• [PROMPT]: Locate the line bearing "Chucks and cutting" in the material below, then reproduce it and each following line up to and including the line bearing "花兩性,雌雄異熟,雄先熟,聚".

• [RECORDS TO PROCESS]:

◇ ◇ ◇ ◇ ◇ ◇ ◇

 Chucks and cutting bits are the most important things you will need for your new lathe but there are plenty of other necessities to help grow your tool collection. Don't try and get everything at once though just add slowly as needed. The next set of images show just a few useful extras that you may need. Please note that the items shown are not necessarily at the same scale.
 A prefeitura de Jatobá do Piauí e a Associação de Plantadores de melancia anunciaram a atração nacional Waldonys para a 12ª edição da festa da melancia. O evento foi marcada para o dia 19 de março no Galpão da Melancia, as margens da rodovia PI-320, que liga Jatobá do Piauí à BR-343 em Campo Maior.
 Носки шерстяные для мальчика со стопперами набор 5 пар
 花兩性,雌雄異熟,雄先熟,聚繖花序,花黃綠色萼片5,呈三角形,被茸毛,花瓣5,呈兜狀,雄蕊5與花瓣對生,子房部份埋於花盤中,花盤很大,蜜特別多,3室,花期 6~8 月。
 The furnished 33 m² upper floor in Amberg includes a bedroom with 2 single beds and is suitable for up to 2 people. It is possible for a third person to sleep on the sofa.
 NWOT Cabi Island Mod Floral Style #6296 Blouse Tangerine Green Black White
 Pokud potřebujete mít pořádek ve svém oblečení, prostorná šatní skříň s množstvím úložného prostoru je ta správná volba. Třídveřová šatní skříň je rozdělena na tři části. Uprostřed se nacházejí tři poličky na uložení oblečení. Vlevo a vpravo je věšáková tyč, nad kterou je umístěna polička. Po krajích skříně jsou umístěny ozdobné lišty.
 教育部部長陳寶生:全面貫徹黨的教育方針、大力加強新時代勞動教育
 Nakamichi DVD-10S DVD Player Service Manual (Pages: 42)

◇ ◇ ◇ ◇ ◇ ◇ ◇

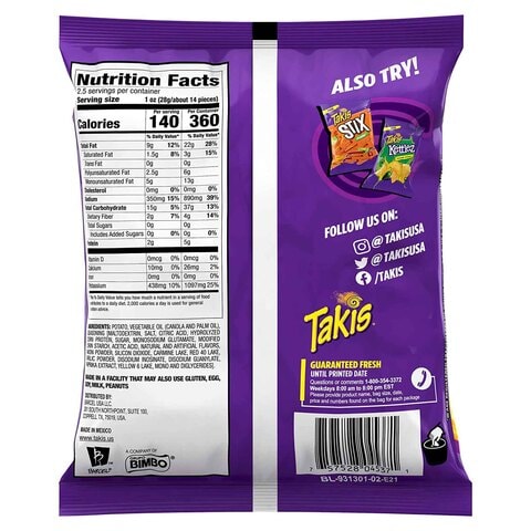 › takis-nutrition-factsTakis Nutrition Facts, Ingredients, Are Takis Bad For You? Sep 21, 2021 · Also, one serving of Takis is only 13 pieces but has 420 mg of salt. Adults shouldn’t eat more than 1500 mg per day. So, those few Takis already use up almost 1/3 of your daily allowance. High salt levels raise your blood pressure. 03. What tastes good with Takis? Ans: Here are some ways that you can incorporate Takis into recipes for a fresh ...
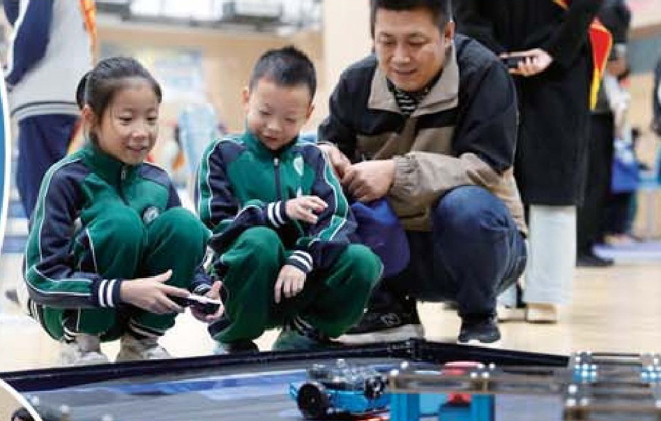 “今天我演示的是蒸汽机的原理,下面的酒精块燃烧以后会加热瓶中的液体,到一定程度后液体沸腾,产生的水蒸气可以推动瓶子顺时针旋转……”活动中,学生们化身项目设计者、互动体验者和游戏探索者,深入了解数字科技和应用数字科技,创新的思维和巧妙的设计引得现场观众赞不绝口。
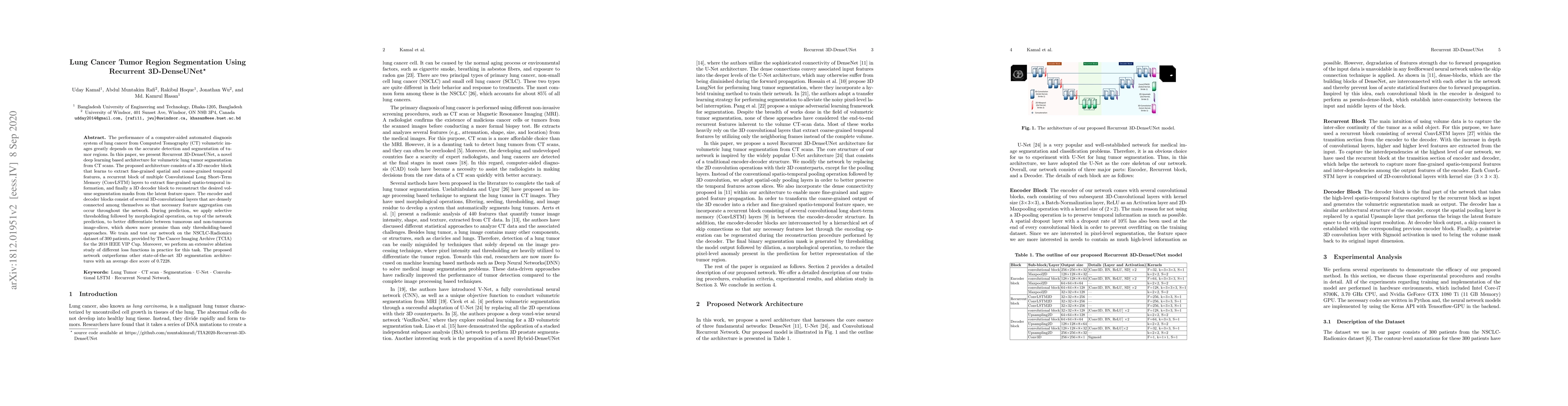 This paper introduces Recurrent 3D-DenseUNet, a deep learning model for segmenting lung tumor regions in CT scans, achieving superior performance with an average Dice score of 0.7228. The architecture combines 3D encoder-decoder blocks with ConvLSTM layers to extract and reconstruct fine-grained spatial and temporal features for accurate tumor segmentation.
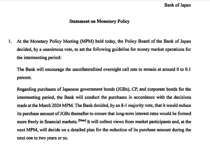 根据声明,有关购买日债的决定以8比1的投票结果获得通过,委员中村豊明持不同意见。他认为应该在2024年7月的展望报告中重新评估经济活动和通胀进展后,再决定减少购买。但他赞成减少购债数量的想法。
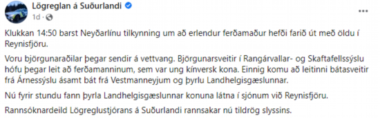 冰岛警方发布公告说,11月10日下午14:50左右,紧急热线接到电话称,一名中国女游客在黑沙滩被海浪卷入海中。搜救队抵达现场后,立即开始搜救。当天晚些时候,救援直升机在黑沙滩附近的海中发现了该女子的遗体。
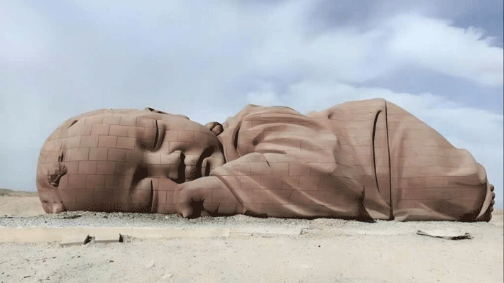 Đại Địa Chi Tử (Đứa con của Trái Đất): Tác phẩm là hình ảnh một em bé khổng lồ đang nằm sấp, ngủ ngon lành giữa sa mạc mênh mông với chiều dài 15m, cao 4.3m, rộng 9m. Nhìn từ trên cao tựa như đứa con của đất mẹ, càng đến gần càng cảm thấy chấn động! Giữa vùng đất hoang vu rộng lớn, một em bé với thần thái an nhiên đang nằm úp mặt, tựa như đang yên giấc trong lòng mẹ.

◇ ◇ ◇ ◇ ◇ ◇ ◇

• [OUTPUT OF THE TASK]:
 Chucks and cutting bits are the most important things you will need for your new lathe but there are plenty of other necessities to help grow your tool collection. Don't try and get everything at once though just add slowly as needed. The next set of images show just a few useful extras that you may need. Please note that the items shown are not necessarily at the same scale.
 A prefeitura de Jatobá do Piauí e a Associação de Plantadores de melancia anunciaram a atração nacional Waldonys para a 12ª edição da festa da melancia. O evento foi marcada para o dia 19 de março no Galpão da Melancia, as margens da rodovia PI-320, que liga Jatobá do Piauí à BR-343 em Campo Maior.
 Носки шерстяные для мальчика со стопперами набор 5 пар
 花兩性,雌雄異熟,雄先熟,聚繖花序,花黃綠色萼片5,呈三角形,被茸毛,花瓣5,呈兜狀,雄蕊5與花瓣對生,子房部份埋於花盤中,花盤很大,蜜特別多,3室,花期 6~8 月。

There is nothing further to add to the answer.